Dora Weithers (author) from The Caribbean on April 21, 2015:

Suzette, thanks for sharing that example. Some of these people are not even aware of their offenses unless we tell them.

Suzette Walker from Taos, NM on April 21, 2015:

Interesting article and I enjoyed reading this. I hate it when I'm in the checkout line at the grocery store and some person is standing over me, in my personal space, because he/she can't wait a moment until I'm through the line. This certainly is a relevant article.

Dora Weithers (author) from The Caribbean on April 21, 2015:

Thanks Venkatachari. You are so kind. Thanks for your very positive feedback.

Dora Weithers (author) from The Caribbean on April 21, 2015:

Chitrangada, I can see that healthy relationships are important to you. Thanks for your kind comment and your support.

Dora Weithers (author) from The Caribbean on April 21, 2015:

Mona, I think that these principles can help us manage both physical and psychological space. Thanks for your kind feedback.

Dora Weithers (author) from The Caribbean on April 21, 2015:

Audrey, yes, it is easy to forget. Thanks for affirming our need to be reminded.

Dora Weithers (author) from The Caribbean on April 21, 2015:

Thanks, Romeos. I appreciate your encouraging comment and your support.

Venkatachari M from Bangalore, India on April 21, 2015:

Very useful and important topic discussed by you. You have done it so well with clear perception. It is very important for anybody to keep these personal and public spaces in a very comfortable way without annoying others.

Voted up, useful and awesome.

Chitrangada Sharan from New Delhi, India on April 21, 2015:

Excellent article and very important one too!

How do we use distance to make our relationships safe and comfortable---This is so important. Giving others space, at the same time enjoying our own space can lead to a very healthy and lasting relationship, I believe.

No one likes encroachments and we should try to maintain balance.

You made some very important and necessary points in this hub.

Thanks and voted up!

Mona Sabalones Gonzalez from Philippines on April 20, 2015:

I've always thought of space in a subconscious sense, but this spells out everything we think and feel about space and more. Wonderful article, Ms. Dora.

Audrey Howitt from California on April 20, 2015:

I found this to be a very interesting hub--I think we forget how important personal space really is and people seem to need varying amounts of it depending on the circumstances i think

Romeos Quill from Lincolnshire, England on April 20, 2015:

A thought-inducing theory of Hall's ' Proxemics ' you've diligently researched MsDora and your five ' C's ' and their enclosed bullet points were very informative.

I suppose that just as we leave various sized gaps between letters, words and paragraphs to communicate and relay our messages from one to another in order to come across as intelligible as possible with minimum or zero misunderstanding, why not indeed in the same way as your ' Personal Space Expectations Diagram ' illustrates, with its clarity of simplicity in parallel to the example?

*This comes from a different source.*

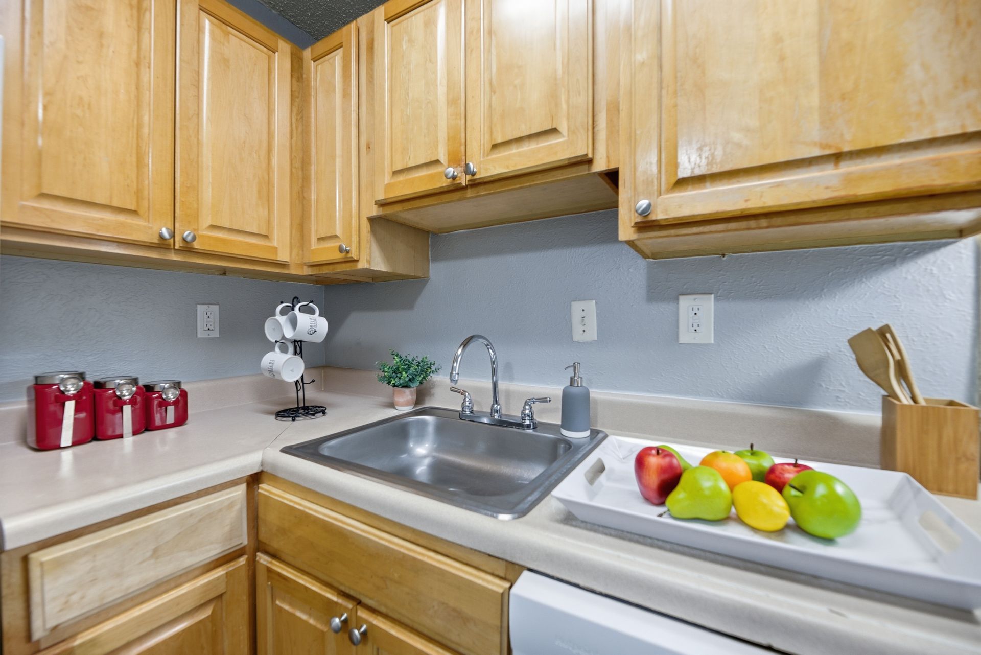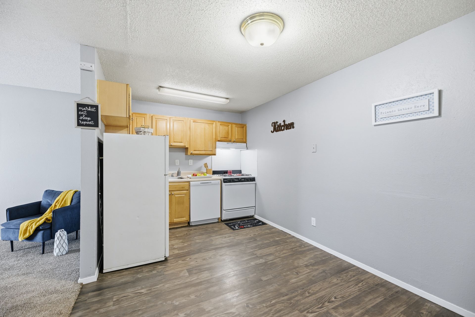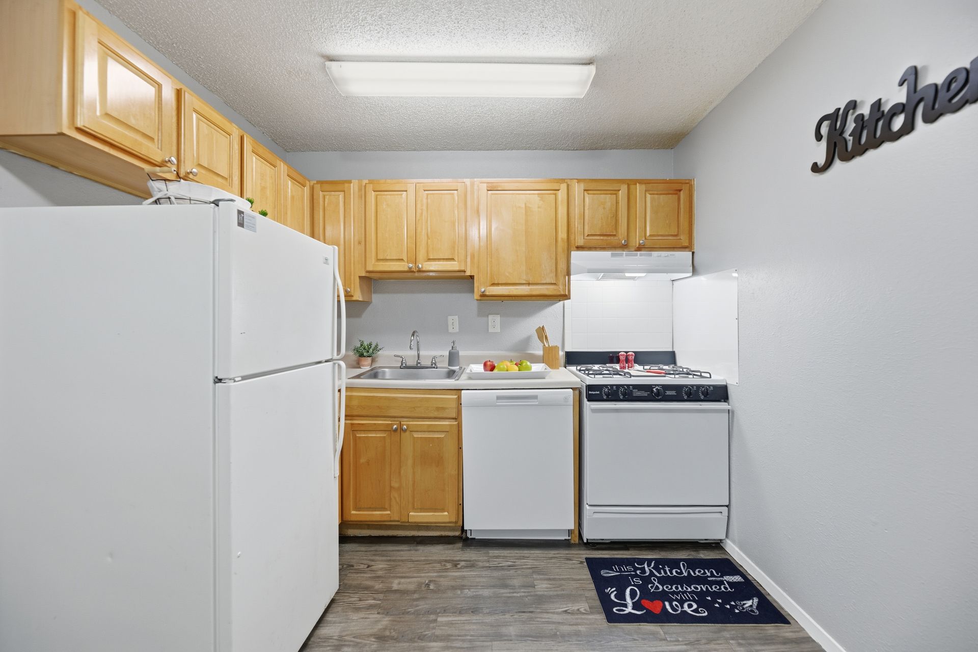• Fully equipped kitchen with dishwasher, refrigerator, gas stove, and garbage disposal

You are so good at researching social sciences and look forward to reading more of your articles today.

Thumbs up, happy to pin you and share your erudite work with friends.

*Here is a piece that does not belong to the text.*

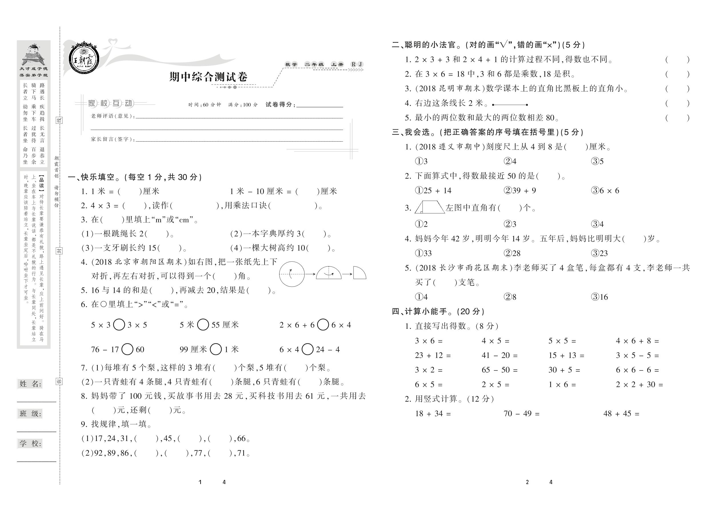2020上册二年级数学人教版 期中综合测试卷

Thank you and wishing you and your family a relaxing evening too.

R.Q.

Dora Weithers (author) from The Caribbean on April 20, 2015:

Manatita, I appreciate your keen insight on this topic. Of course, the soul as well as the body needs it space. Thanks for underscoring that.

Dora Weithers (author) from The Caribbean on April 20, 2015:

Homeplace Bill, happy that I wrote on something important to you. Thanks for your kind feedback.

Dora Weithers (author) from The Caribbean on April 20, 2015:

Bill, it is a pleasure to read your kind comment. Thank you.

manatita44 from london on April 20, 2015:

Excellent and important article on the importance of boundaries. Explained very well. There is yet another area which goes beyond the personal. Perhaps your purple man should cover this.

People can be alone even among intimate relations. The fear and insecurity of the Soul is not always related to others, and we sometimes need our psychic space. I believe you know this. Much Love.

William Leverne Smith from Hollister, MO on April 20, 2015:

I am a believer in proxemics... my personal space is very important to me. Thanks for a great article on it, MsDora!! ;-)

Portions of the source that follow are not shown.